Route | Distance (m) | Mean Std. X (m) | Mean Std. Y (m) | Mean Std. θ (°) |
---|---|---|---|---|
1 | 84.92 | 0.19 | 0.19 | 4.76 |
2 | 145.39 | 0.17 | 0.19 | 4.58 |
3 | 170.39 | 0.22 | 0.22 | 5.38 |
4 | 363.13 | 0.18 | 0.19 | 4.87 |
5 | 270.37 | 0.18 | 0.16 | 4.57 |
6 | 154.39 | 0.15 | 0.14 | 3.99 |
7 | 217.19 | 0.21 | 0.19 | 5.29 |
8 | 321.32 | 0.18 | 0.19 | 4.80 |
9 | 290.12 | 0.14 | 0.15 | 4.01 |
The proposed localization method is compared with the state-of-the-art method MCL method (Monte Carlo Localization) (Li et al., 2021; Schaefer et al., 2019; Weng et al., 2018), in terms of RMSE, and the results are shown in Table 6. It can be seen that with the EFK-based method, minor errors were obtained in all the routes in position X with differences between 0.10 m and 0.26 m. On the other hand, in position Y, the proposed method was overcome in four runs, but by differences less than 0.04 m. The method proposed in this paper behaves more appropiately in five runs, with differences between 0.03 m and 0.16 m.
Route | EKF-based localization algorithm | MCL algorithm | Difference MCL and EKF-based | ||||||||
---|---|---|---|---|---|---|---|---|---|---|---|
Number | Distance (m) | RMSE X (m) | Std RMSE X (m) | RMSE Y (m) | Std RMSE Y (m) | RMSE X (m) | Std RMSE X (m) | RMSE Y (m) | Std RMSE Y (m) | RMSE X (m) | RMSE Y (m) |
1 | 84.92 | 0.23 | 0.23 | 0.45 | 0.45 | 0.37 | 0.38 | 0.48 | 0.49 | 0.14 | 0.03 |
2 | 145.39 | 0.28 | 0.28 | 0.43 | 0.43 | 0.52 | 0.52 | 0.41 | 0.41 | 0.24 | -0.02 |
3 | 170.39 | 0.30 | 0.30 | 0.50 | 0.50 | 0.46 | 0.44 | 0.61 | 0.62 | 0.16 | 0.11 |
4 | 363.13 | 0.30 | 0.30 | 0.49 | 0.49 | 0.45 | 0.45 | 0.52 | 0.52 | 0.15 | 0.03 |
5 | 270.37 | 0.29 | 0.29 | 0.43 | 0.43 | 0.46 | 0.46 | 0.46 | 0.46 | 0.17 | 0.03 |
6 | 154.39 | 0.28 | 0.28 | 0.33 | 0.33 | 0.54 | 0.54 | 0.49 | 0.49 | 0.26 | 0.16 |
7 | 217.19 | 0.31 | 0.31 | 0.55 | 0.55 | 0.44 | 0.44 | 0.54 | 0.55 | 0.13 | -0.01 |
8 | 321.32 | 0.37 | 0.37 | 0.57 | 0.57 | 0.52 | 0.52 | 0.53 | 0.54 | 0.15 | -0.04 |
9 | 290.12 | 0.45 | 0.45 | 0.67 | 0.67 | 0.55 | 0.50 | 0.63 | 0.63 | 0.10 | -0.04 |
It is observed that, in general, the method proposed in this paper presents a RMSE less than or equal to the RMSE obtained by the MCL method. This may be due to the fact that the latter uses a particle filter in which the particles are dispersed a lot as time passes and no landmarks are observed, as in the experiments carried out. Therefore, this despersion can cause an increase in RMSE when calculating the state vector.
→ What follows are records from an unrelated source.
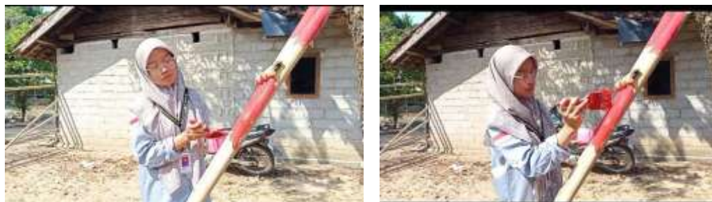
Gambar. 9 Pengecatan plang pembatas RT

Dalam proses ini Plang pembatas RT di tambahkan warna dengan menggunakan cat warna merah dan warna putih untuk menambah kesan cantik sesuai tema kemerdekaan Indonesia. Dalam proses pengecatan sampai pemasangan memerlukan waktu sekitar 3 hari untuk memastikan cat sudah benar benar kering dan siap untuk dipasang
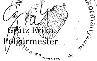
Erőss Erika Polgármester

(2) Az e rendeletben nem szabályozott kérdésekben a Gyvt. és az Önkormányzatok valamint a végrehajtására kiadott Kormányrendeletekben és miniszteri rendeletekben foglalt előírásokat kell alkalmazni.
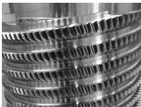
Werkstück mit verdrehter Spannutt

However, the MCL method has the advantage of being able to deal with several localization hypothesis simultaneously, wich can be very useful when estimating the estate vector (Li et al., 2021).
4. Conclusions
In this paper, a localization system for a vehicle in outdoor environments was implemented using a map based on geo-referenced landmarks. As landmarks, road marking posts with reflective tape were used since they are elements that can be located in urban environments of the last/first mile, such as parking lots.
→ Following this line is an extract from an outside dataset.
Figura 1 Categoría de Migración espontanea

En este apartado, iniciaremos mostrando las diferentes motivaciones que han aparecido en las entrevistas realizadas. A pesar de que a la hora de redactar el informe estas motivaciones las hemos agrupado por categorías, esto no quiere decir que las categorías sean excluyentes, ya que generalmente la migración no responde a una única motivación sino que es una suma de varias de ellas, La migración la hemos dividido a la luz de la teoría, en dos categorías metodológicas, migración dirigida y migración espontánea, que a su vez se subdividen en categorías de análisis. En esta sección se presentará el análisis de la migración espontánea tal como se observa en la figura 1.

To estimate the position of the vehicle, an extended Kalman filter (EKF) was used, fed with odometry information and the reference points observed by means of a 3D LiDAR in nine different routes with distances between 85 m and 360 m. The results show that incorporating the information from the observations improves the estimation of the position both in X (between 50% and 90%) and in Y (between 16% and 60%). Furthermore, the mean standard deviation remains below 0.22 m for both X and Y positions, and below 5.3 ° for the θ orientation. These results indicate that this is a promising localization method for environments with previously geo-referenced landmarks that can be detected and located.
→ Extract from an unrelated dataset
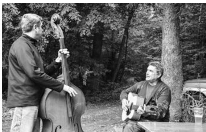
Setkání na Pepčíně při country
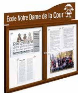
Réf. SP405075 + SP409015

To determine the scalability of the proposed method, it is necessary to carry out tests in larger areas (for example, a university campus), building and updating a map that uses both the infrastructure landmarks and others naturally present in the given environment (power poles, traffic lights and trees) and testing the EKF-based localization method implementation under different conditions.